Problem description => Start at the line that contains "Dagens Samsung-app heter" in the listing below and extract every line through the last, exactly; leave pictures out.

Information provided =>
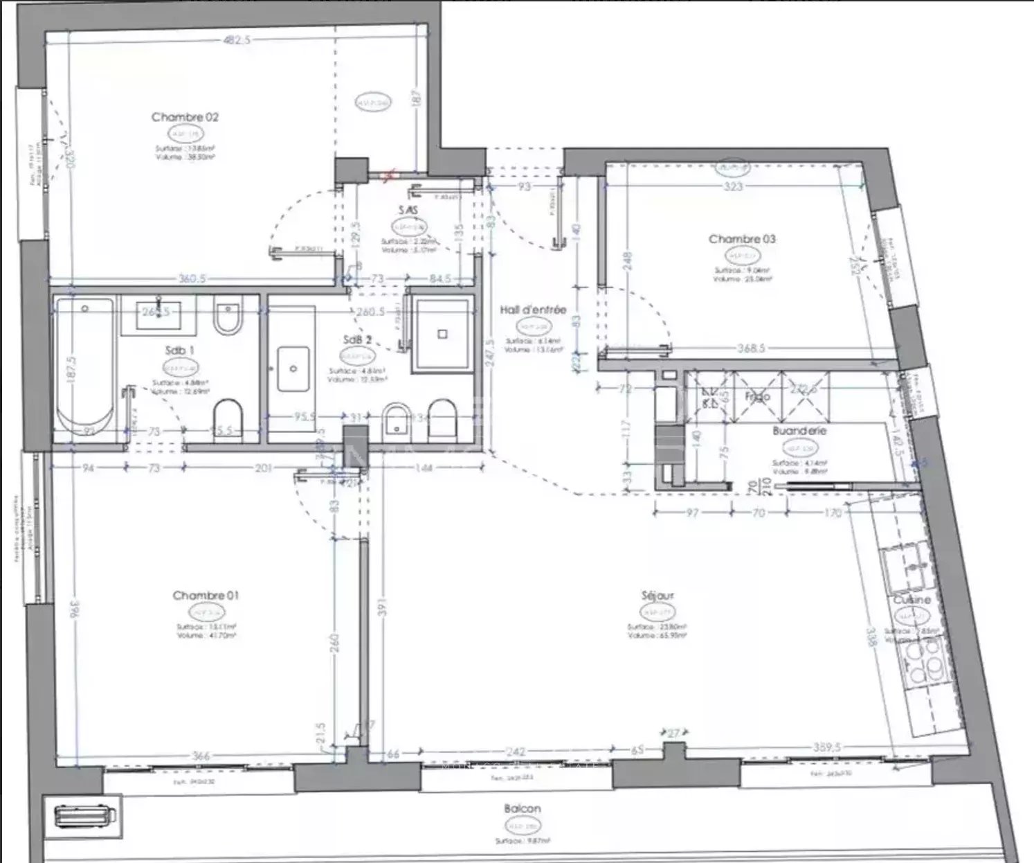 Sold with a parking space in a nearby building in France.
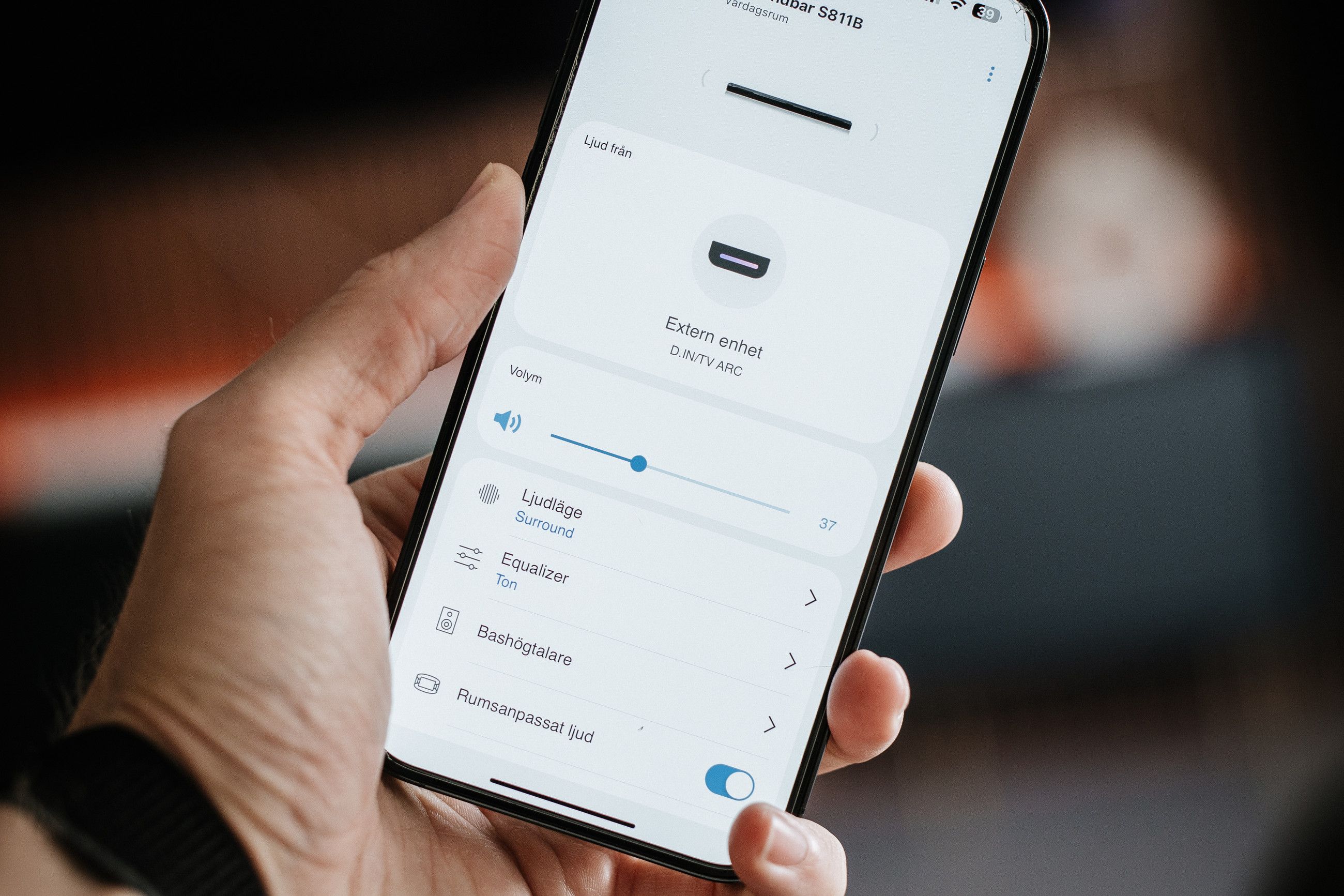 Dagens Samsung-app heter "Smartthings" och kräver att du loggar in/skaffar ett Samsung-konto, vilket jag ogillar. Men förutom det är den intuitiv och ovanligt snabb; både soundbar och sub är körklara innan du hinner blinka.
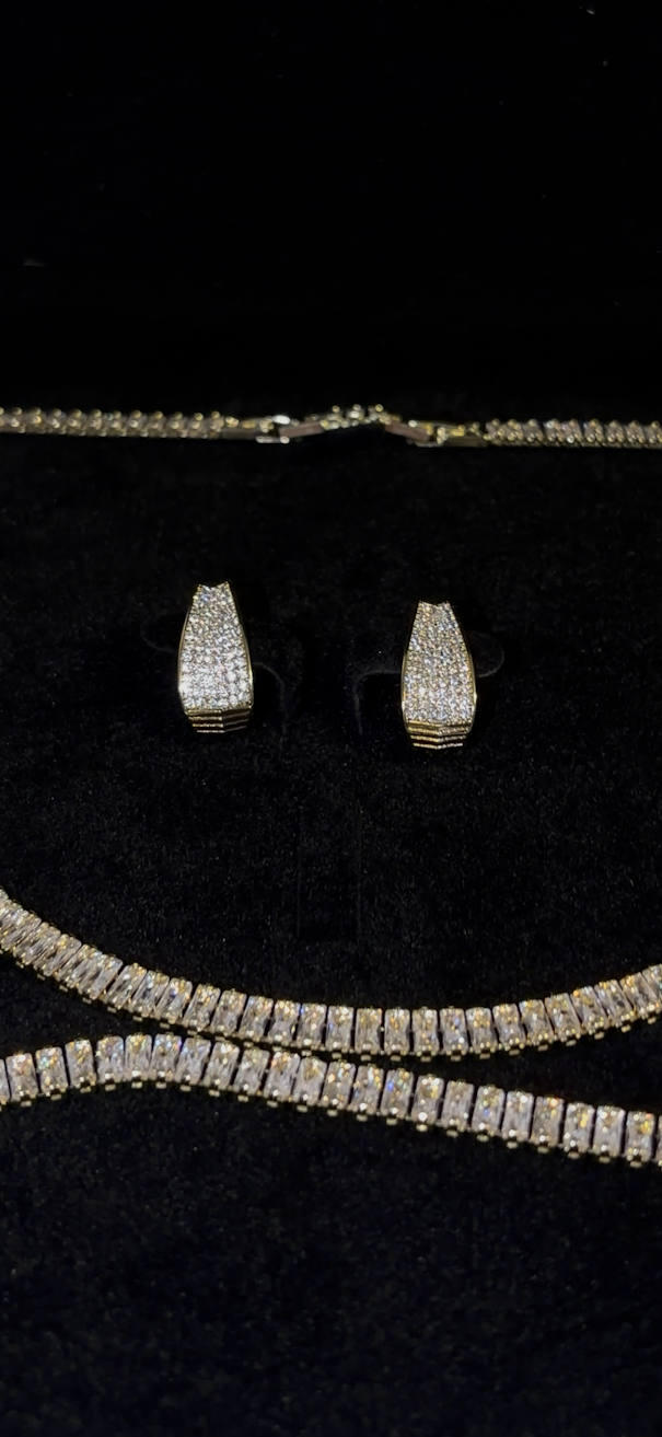 Fabricate din oțel inoxidabil de înaltă calitate, piesele sunt placate cu aur de 18k, oferindu-le o strălucire de durată și o rezistență sporită la uzură și coroziune. Designul minimalist, îmbogățit cu pietre strălucitoare, este perfect atât pentru purtarea zilnică, cât și pentru ocazii speciale.

Answer for this exercise =>
 Dagens Samsung-app heter "Smartthings" och kräver att du loggar in/skaffar ett Samsung-konto, vilket jag ogillar. Men förutom det är den intuitiv och ovanligt snabb; både soundbar och sub är körklara innan du hinner blinka.
 Fabricate din oțel inoxidabil de înaltă calitate, piesele sunt placate cu aur de 18k, oferindu-le o strălucire de durată și o rezistență sporită la uzură și coroziune. Designul minimalist, îmbogățit cu pietre strălucitoare, este perfect atât pentru purtarea zilnică, cât și pentru ocazii speciale.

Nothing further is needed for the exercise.